Special Needs Transportation

Conference focuses on collaboration, communication

Posted on April 1, 2006

ORLANDO, Fla. — Warm weather and cool vibes helped usher in the 15th National Conference & Exhibition on Transporting Students with Disabilities and Preschoolers. About 550 pupil transportation professionals attended the conference, held March 3-8.

Charlie Hood, conference chair and director of student transportation for the Florida Department of Education, and Roseann Schwaderer, president of Edupro Group, welcomed vendors, conferees and guests to the event, which included more than 40 educational sessions highlighting best practices in special-needs transportation.

Among the many workshops was a session on collaboration between special-needs educators and transporters.

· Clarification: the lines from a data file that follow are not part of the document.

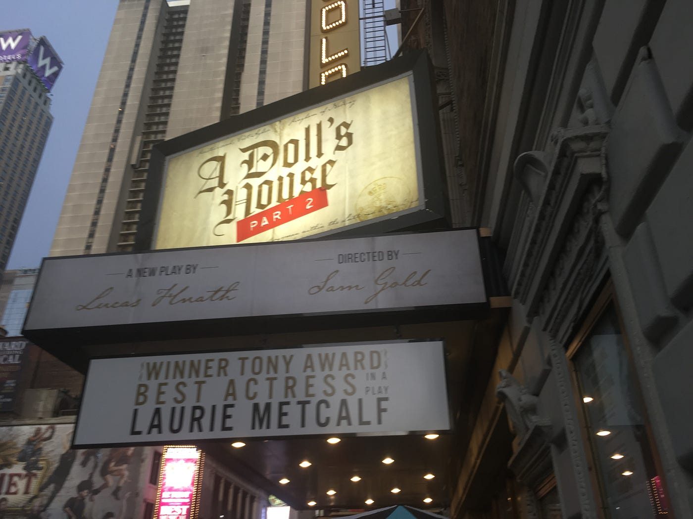 Of the six performances, I shall give a most cursory acknowledgement of two of the more traditional proscenium based productions that I saw, being the biting comedy A Doll’s House Part 2 and the sentimentally affecting musical Come From Away, both were still fresh enough in their run that they were both engaging examples of what this excellent commercial Broadway season has to offer.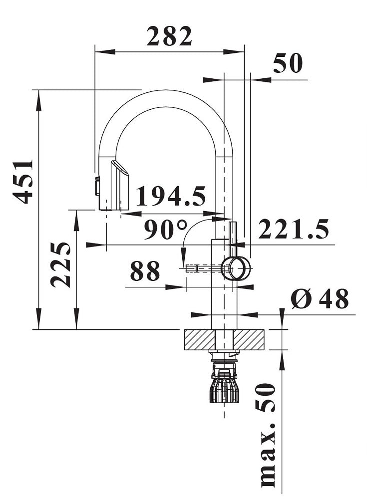 - 180° schwenkbarer Auslauf für Mischwasser und veredeltes Wasser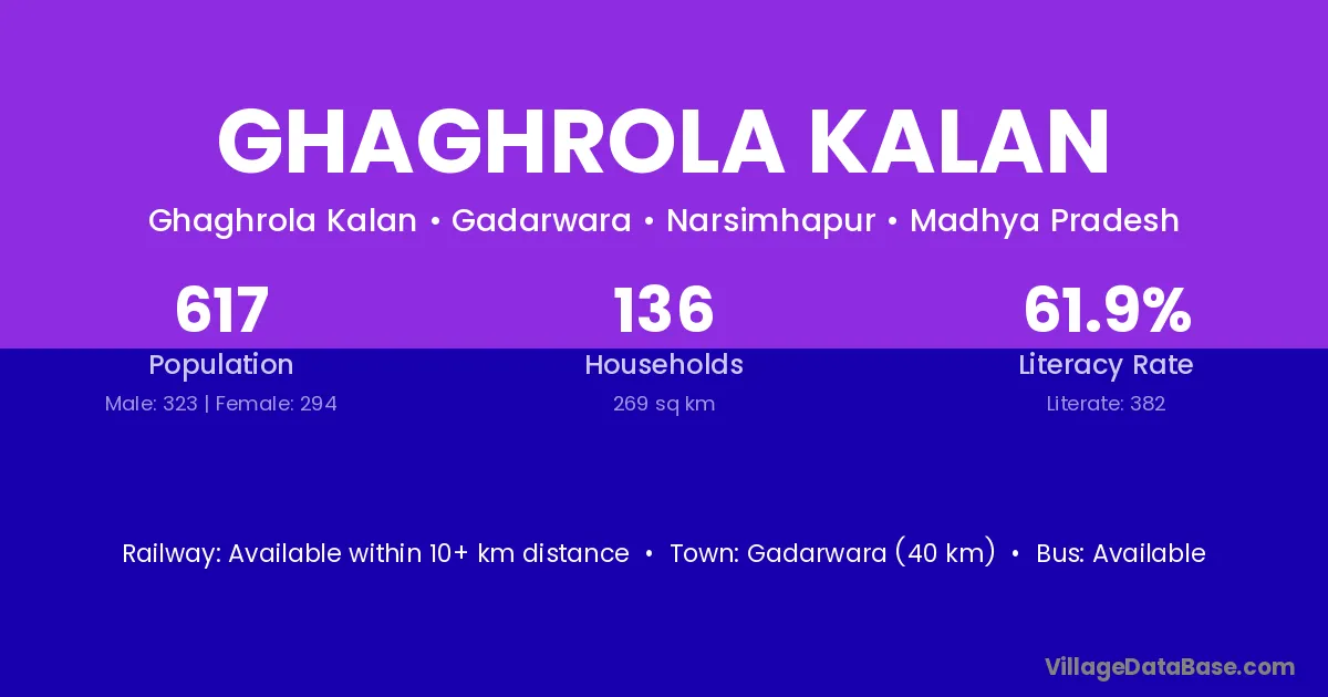 Gadarwara (40 km) is the nearest town to Ghaghrola Kalan village for major economic activities and is located approximately 40 km away.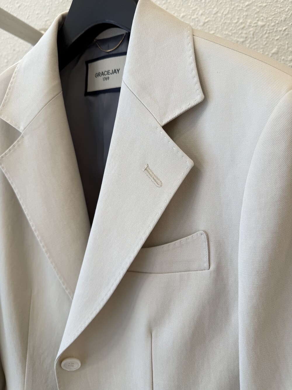 GRACEJAY Comment-경직되지 않은 정석적인 테일러링을 바탕으로 만들어 갑니다. 안정된 패턴이 좋은 소재들과 만나 특별함을 느낄 수 있는 그레이스제이를 통해 잘 만들어진 수트 한벌이 주는 위력을 경험해 보시길 바랍니다.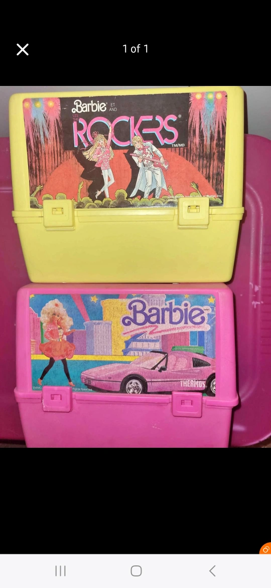 Two vintage Barbie lunchboxes. One features Barbie and the Rockers. The other shows Barbie in a city scene with a sports car. Both are plastic.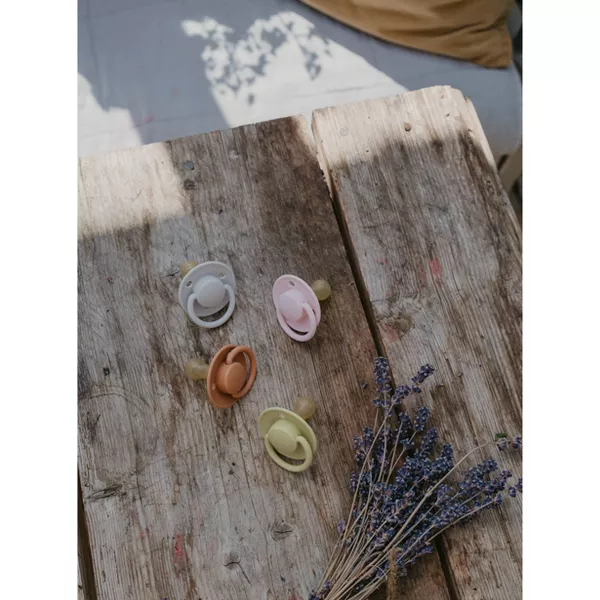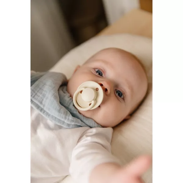 The round, light S child is turned away from the child's face. This ensures airflow to the delicate skin around the mouth and reduces irritation. The natural design of the pacifier imitates the shape of the mother's breast.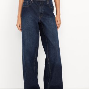Mid-Rise Slouchy Wide-Leg Jeans: Low-slung and laid back with a long silhouette.mid-rise waist that’s low slung on the hips, hidden button fly, wide leg puddles at hem, #805772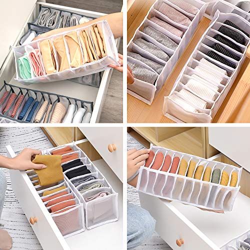 CBOO - CBOO Drawer Organiser for Underwear, Washable Closet Socks and Underwear, Storage Box for Bra, Ties (White, Group)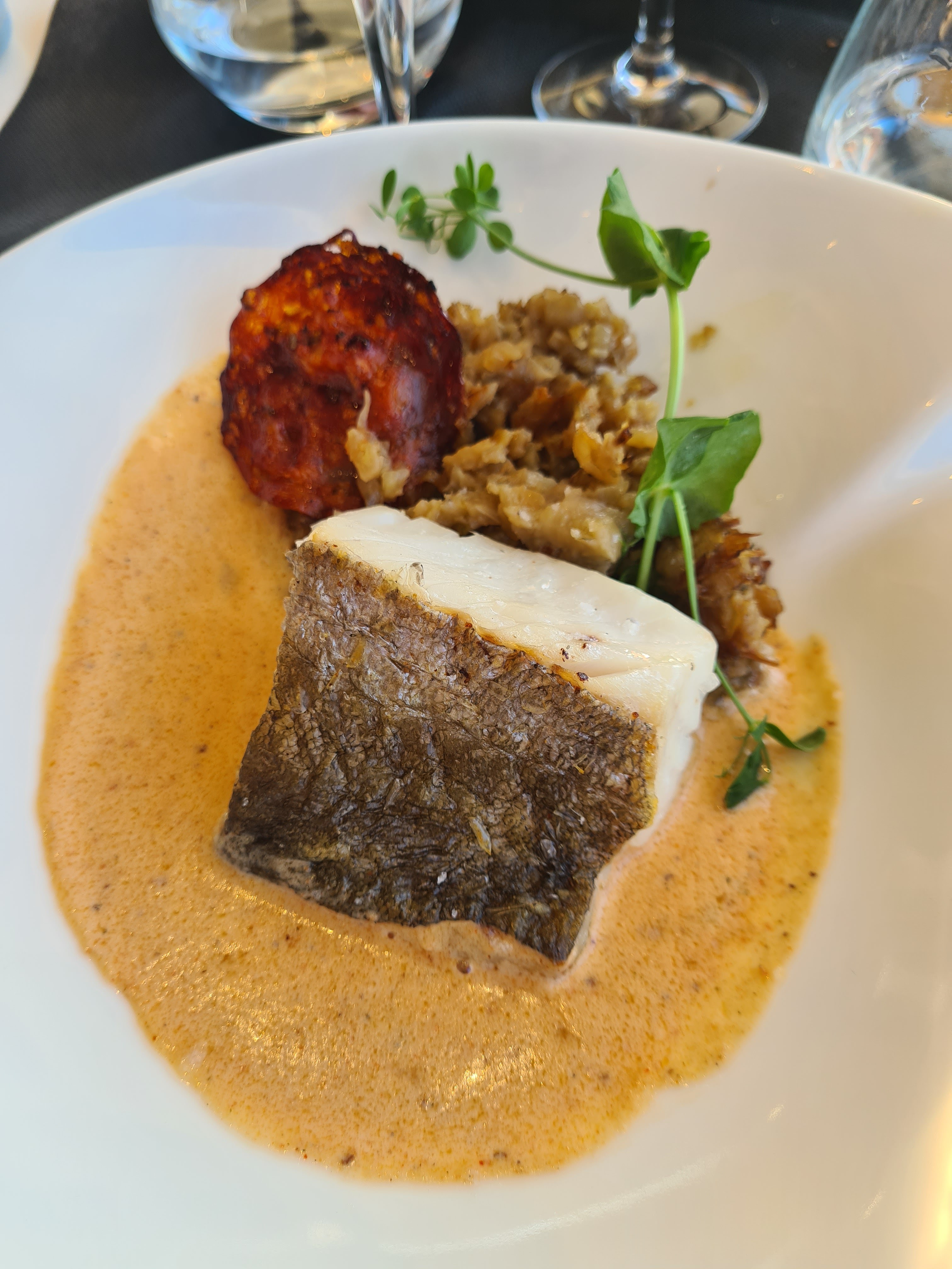 C'est censé être un bon restaurant haut de gamme et nous a été recommandé par notre hébergement, mais nous avons été déçus. C'est dommage qu'on ne puisse même pas parler anglais avec le personnel, on n'est même pas accueilli chaleureusement si on n'a pas de réservation, ce qui est apparemment normal en France. L'accueil de la cuisine était plutôt bon, l'entrée que nous avions était un carpaccio de morue avec une vinaigrette aux agrumes à partager (ça avait plus le goût d'agrumes que de poisson, plutôt aucun goût du tout), ma copine avait le suprême de poulet pour le plat principal, qui avait un goût correct, mais un peu trop de sel marin et les patates douces étaient brûlées, j'avais un filet de turbot, qui était bon mais simplement froid, la sauce était feuilletée. Nous n’aurions pas pu en discuter car personne ne comprend l’anglais ou ne veut le comprendre. C'est juste dommage, trop cher pour ça.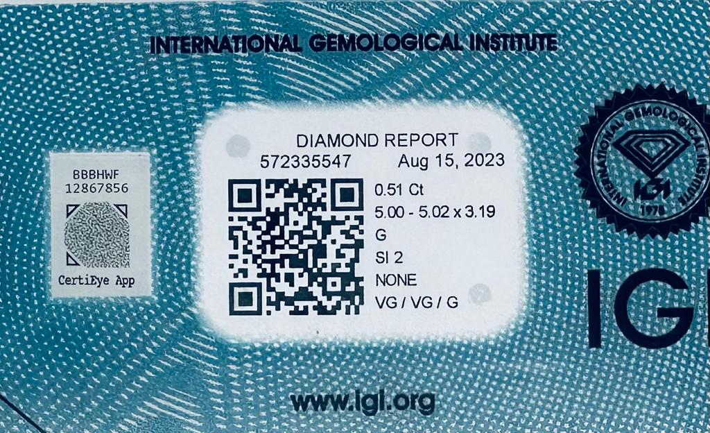 DIAMANTE 0,51 CT G - SI2 - IGI - SF30804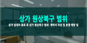 상가 임대차 계약 종료 시 분쟁을 예방하려면 상가 원상복구 범위를 명확히 알아두는 것이 중요합니다. 이 글에서는 상가 원상복구의 범위와 법적 기준 그리고 계약서 특약, 자연 마모 제외 사항까지 정확히 정리해 …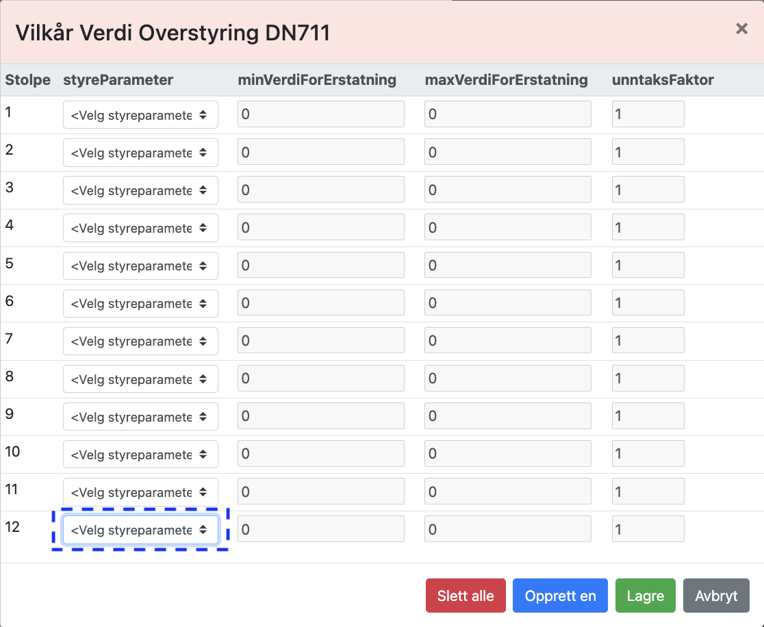 De 12 erstatningstallene er referert til som «Stolpe» i første kolonne. Hvert av de 12 erstatningstallene kan endres med tanke på erstatningsregler eller såkalte «styreparametere»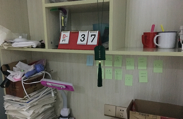复读班的教室里,木色的桌椅整齐地连排摆放,桌上堆着高高低低的教材和各式各样的水杯。到了高三,教室的墙上会陆续贴上一些励志标语,有的是诗词、有的是带哲理的“鸡汤”。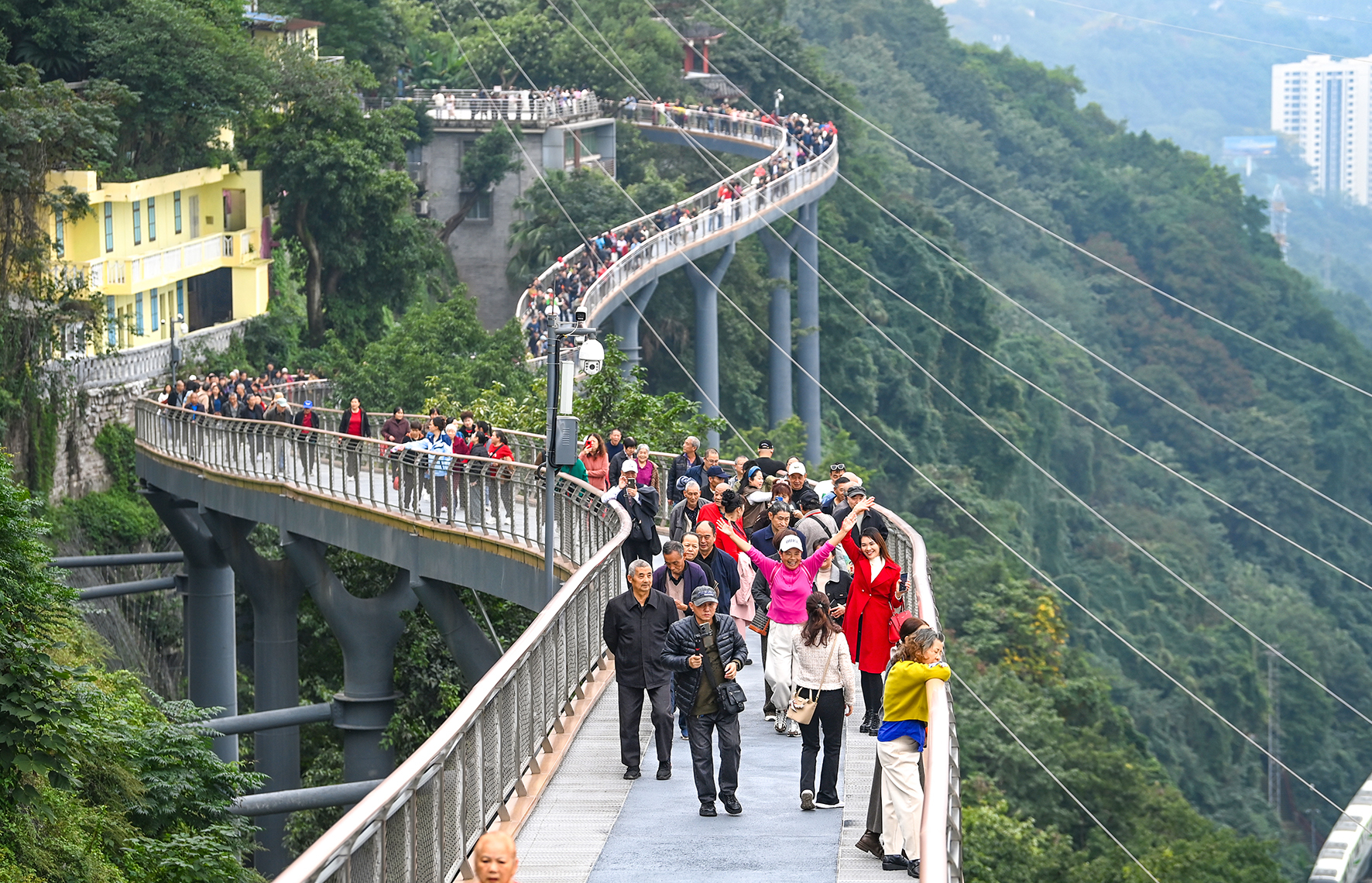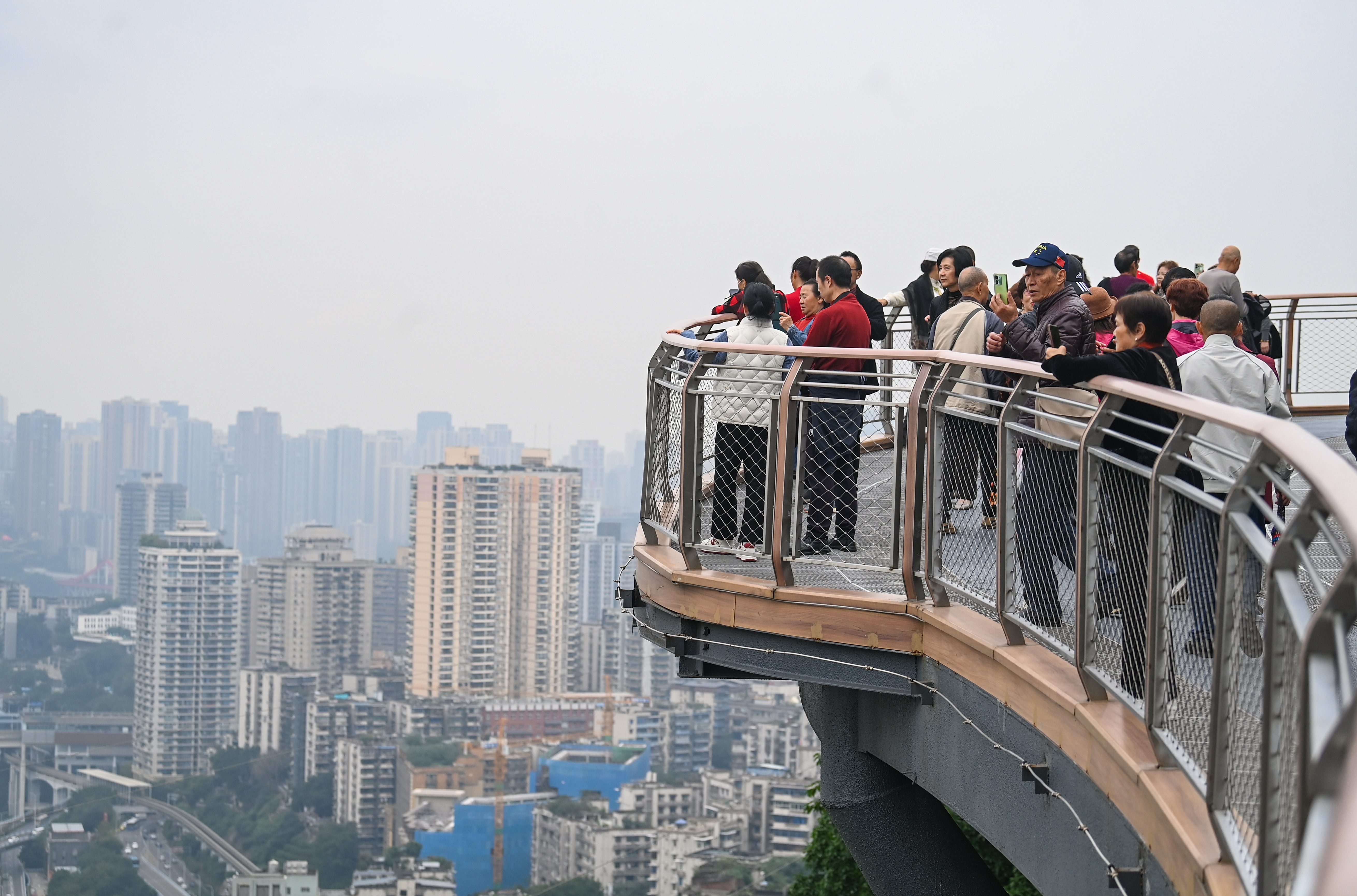 11月12日,重庆半山崖线鹅岭栈桥,众多市民正在打卡观景。重庆日报 郑宇 摄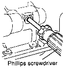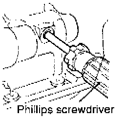 1. Insert a Phillips screwdriver [shank diameter 8 mm (0.31 inch) shaft] through the plug hole on the left side of the cylinder block to block the left counterbalance shaft.

Peggy Burns of Adams 12 Five Star School in Thornton, Colo., presented 10 reasons for collaboration. The list stressed the need for special educators, transporters and parents to work together for the benefit of special-needs students.

“All areas of student transportation must share information for maximum efficiency,” Burns said.

The session included a distinguished panel of experts who offered instructive testimonials on working with IEP teams and special educators.

Katherine Baltes, transportation manager at Community Bus Services in Warren, Ohio, and Susan Shutrump, OT/PT supervisor at Trumbull County (Ohio) Educational Service Center, presented effective ways to produce creative but inexpensive individual transportation plans (ITP). The duo broke down the complexities of the ITP by explaining the relevance of each question and how to respond to them appropriately.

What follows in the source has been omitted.